[Data items]

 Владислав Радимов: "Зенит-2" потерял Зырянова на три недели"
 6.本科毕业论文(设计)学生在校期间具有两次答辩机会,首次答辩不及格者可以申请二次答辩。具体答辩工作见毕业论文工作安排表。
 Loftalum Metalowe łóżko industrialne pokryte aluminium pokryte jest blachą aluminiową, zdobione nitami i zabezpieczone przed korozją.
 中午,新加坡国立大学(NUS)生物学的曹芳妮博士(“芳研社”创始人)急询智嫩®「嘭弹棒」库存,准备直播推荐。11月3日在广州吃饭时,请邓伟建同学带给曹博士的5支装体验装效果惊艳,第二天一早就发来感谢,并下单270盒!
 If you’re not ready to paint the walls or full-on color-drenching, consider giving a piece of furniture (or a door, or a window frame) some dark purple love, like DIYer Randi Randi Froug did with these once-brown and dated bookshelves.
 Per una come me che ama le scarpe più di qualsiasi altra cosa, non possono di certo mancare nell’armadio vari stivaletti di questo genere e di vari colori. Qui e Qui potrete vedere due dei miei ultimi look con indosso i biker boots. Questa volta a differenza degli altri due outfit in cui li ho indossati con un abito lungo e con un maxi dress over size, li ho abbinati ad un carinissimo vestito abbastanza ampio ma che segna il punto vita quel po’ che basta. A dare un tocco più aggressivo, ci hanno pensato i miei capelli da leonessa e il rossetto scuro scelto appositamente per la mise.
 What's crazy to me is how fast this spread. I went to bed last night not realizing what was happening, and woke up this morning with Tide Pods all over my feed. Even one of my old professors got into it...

WHAT TO WORK ON:
Output exactly the lines from the one containing "Loftalum Metalowe łóżko" through the last line of the records, both included. Output nothing else.

RESULT OF THIS EXERCISE:
 Loftalum Metalowe łóżko industrialne pokryte aluminium pokryte jest blachą aluminiową, zdobione nitami i zabezpieczone przed korozją.
 中午,新加坡国立大学(NUS)生物学的曹芳妮博士(“芳研社”创始人)急询智嫩®「嘭弹棒」库存,准备直播推荐。11月3日在广州吃饭时,请邓伟建同学带给曹博士的5支装体验装效果惊艳,第二天一早就发来感谢,并下单270盒!
 If you’re not ready to paint the walls or full-on color-drenching, consider giving a piece of furniture (or a door, or a window frame) some dark purple love, like DIYer Randi Randi Froug did with these once-brown and dated bookshelves.
 Per una come me che ama le scarpe più di qualsiasi altra cosa, non possono di certo mancare nell’armadio vari stivaletti di questo genere e di vari colori. Qui e Qui potrete vedere due dei miei ultimi look con indosso i biker boots. Questa volta a differenza degli altri due outfit in cui li ho indossati con un abito lungo e con un maxi dress over size, li ho abbinati ad un carinissimo vestito abbastanza ampio ma che segna il punto vita quel po’ che basta. A dare un tocco più aggressivo, ci hanno pensato i miei capelli da leonessa e il rossetto scuro scelto appositamente per la mise.
 What's crazy to me is how fast this spread. I went to bed last night not realizing what was happening, and woke up this morning with Tide Pods all over my feed. Even one of my old professors got into it...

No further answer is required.